Profesores fuera del sistema: una alternativa para enfrentar el déficit docente
El objetivo de este documento es estimar la cantidad de docentes jóvenes (menores de 40 años) que han salido del sistema educativo. Mediante el uso de datos públicos del Ministerio de Educación se estima que, al año 2025, el número de desertores definitivos asciende a 22.949. Un 54% de estos provenía del sector particular subvencionado, y los desertores jóvenes tuvieron un Puntaje PSU promedio mayor (10 puntos) que quienes permanecen en el sistema.
El 7 de octubre se aprobó en la Cámara de Diputadas y Diputados un Proyecto de Ley para bajar los requisitos académicos para ingresar a pedagogía (boletín 17.442-04). Según la Ley 20.903, el año 2026 deberá subir a 626 puntos el puntaje mínimo en la PAES para las carreras de pedagogía, alza significativa con respecto al año 2025, cuando el puntaje mínimo fue de 502 puntos. Esto equivale a pasar del percentil 22 al percentil 60.
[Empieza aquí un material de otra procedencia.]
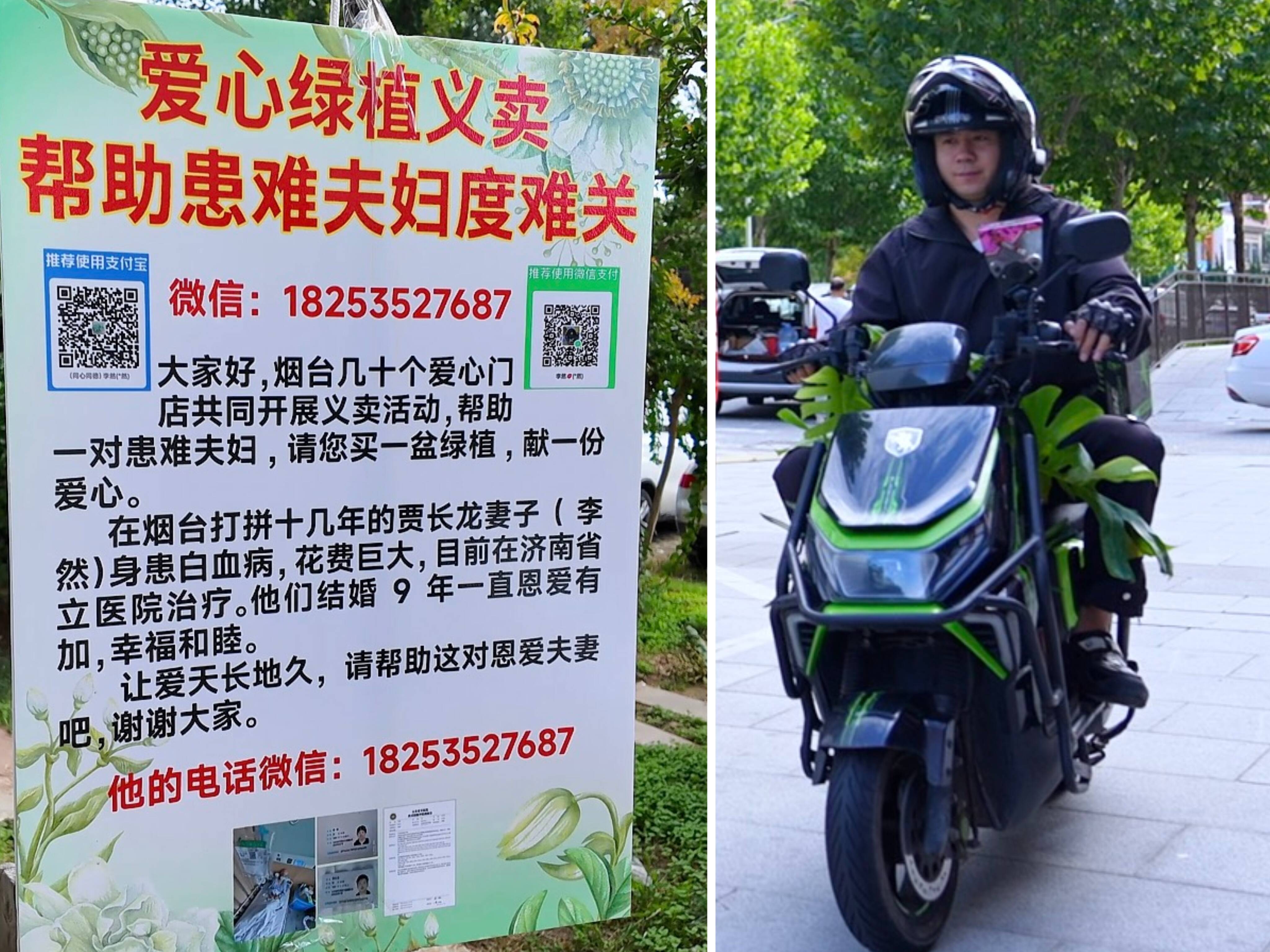 齐鲁网·闪电新闻12月8日讯 十月的烟台,便利店、餐馆、通讯店门前,一盆盆龟背竹、兰花整齐摆放,旁贴的义卖告示,让行色匆匆的路人纷纷驻足。这绿意背后,藏着外卖员王叙光的执着 —— 为拯救挚友贾长龙患白血病的妻子,他凑钱批绿植,奔走上百家店铺沟通,用义卖绿植筹治疗费,他希望通过这种方式唤起大家的爱心,帮助好朋友渡过难关。

Existe un debate con respecto al déficit de docentes que existe en el país, cuya existencia justificaría bajar los requisitos de ingreso a pedagogía. La evidencia sugiere que, de haber un déficit, sería de magnitud acotada. Primero, Elige Educar y el Centro de Estudios Mineduc (2025) estima que se requieren 123.789 horas docentes idóneas adicionales, un 6,2% del total requerido; y estimaciones propias indican que el déficit docente asciende a 9.880 docentes. Segundo, la tendencia demográfica indica que el número de estudiantes caerá significativamente en el futuro, el número jóvenes se espera disminuya 17% al 2050. Mientras tanto, el número de docentes aumentó un 98% desde 2003.
Proponemos tres grupos de medidas para atraer de vuelta a estos docentes al sistema, y para disminuir la tasa de deserción futura, agrupados en el Plan de Recuperación Docente. Esta política combina entregar (1) flexibilidad horaria a los docentes; (2) modificar el diseño de las mentorías, entregando autonomía a los establecimientos para aumentar su cobertura; y (3) realizar dos modificaciones a la estructura salarial de los docentes: eliminar el requisito de antigüedad para progresar en la Carrera Docente y crear una nueva asignación voluntaria, asociada al valor agregado de cada docente.